In this case, your python function could just classify each pixel with whatever breaks you define:
import numpy as np
a2d = np.array([[1,2,4],[5,5,2],[2,3,3]])
def classify(x):
if x >= 4:
return 3
elif x >= 2:
return 2
elif x > 0:
return 1
else:
return 0
vclassify = np.vectorize(classify)
result = vclassify(a2d)
Thanks to #perrygeo and #Kasra - they got me thinking in a good direction.
Since I want a classification of the closest 3d array's z value, I couldn't do simple math - I needed the (z)index of the closest value.
I did it by enumerating both axes of the 2d array, and doing a proximity compare against the corresponding (z)index of the 3d array.
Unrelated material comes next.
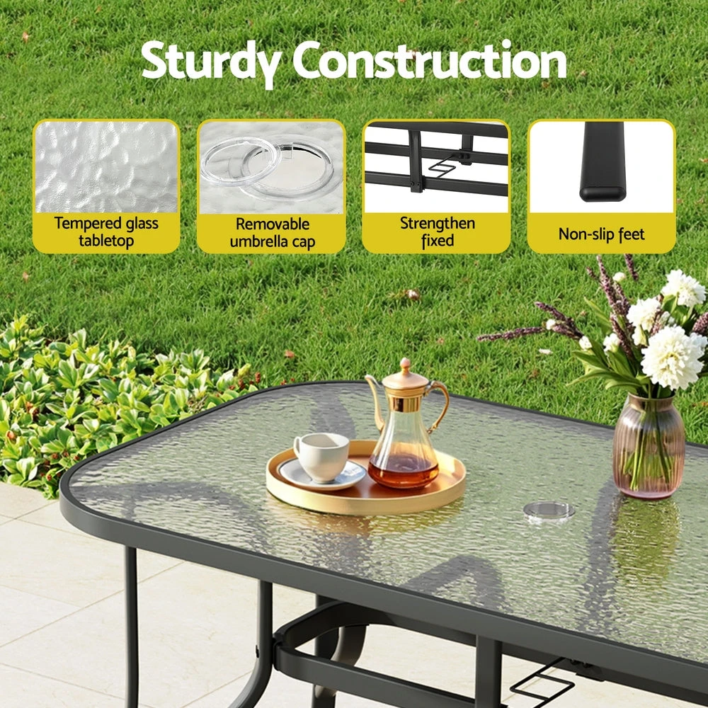 Designed for Aussie backyards, balconies, and patios, this 120cm outdoor dining table offers everything you need for sunny lunches and relaxed evenings outside. Featuring a sleek black powder-coated steel frame and a shatterproof tempered glass top, it’s built to handle the elements and look good doing it.

There might be a way to do this without iterating the 2d array, but at least I'm avoiding iterating the 3d.
import numpy as np
a1 = np.array([[1,1,1],[1,1,1],[1,1,1]])
a2 = np.array([[3,3,3],[3,3,3],[3,3,3]])
a3 = np.array([[5,5,5],[5,5,5],[5,5,5]])
a3d = np.dstack((a1,a2,a3))
a2d = np.array([[1,2,4],[5,5,2],[2,3,3]])
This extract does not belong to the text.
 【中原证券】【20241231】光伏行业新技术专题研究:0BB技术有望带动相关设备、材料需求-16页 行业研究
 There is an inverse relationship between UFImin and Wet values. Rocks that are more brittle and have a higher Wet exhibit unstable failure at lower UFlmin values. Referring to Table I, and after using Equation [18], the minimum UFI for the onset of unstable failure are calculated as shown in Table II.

classOut = np.empty_like(a2d)
def find_nearest_idx(array,value):
idx = (np.abs(array-value)).argmin()
return idx
# enumerate to get indices
for i,a in enumerate(a2d):
for ii,v in enumerate(a):
valStack = a3d[i,ii]
nearest = find_nearest_idx(valStack,v)
classOut[i,ii] = nearest
print classOut
which gets me
[[0 0 1]
[2 2 0]
[0 1 1]]
This tells me that (for example) a2d[0,0] is closest to the 0-index of a3d[0,0], which in my case means it is closest to the min value for that 2d position. a2d[1,1] is closest to the 2-index, which in my case means closer to the max value for that 2d position.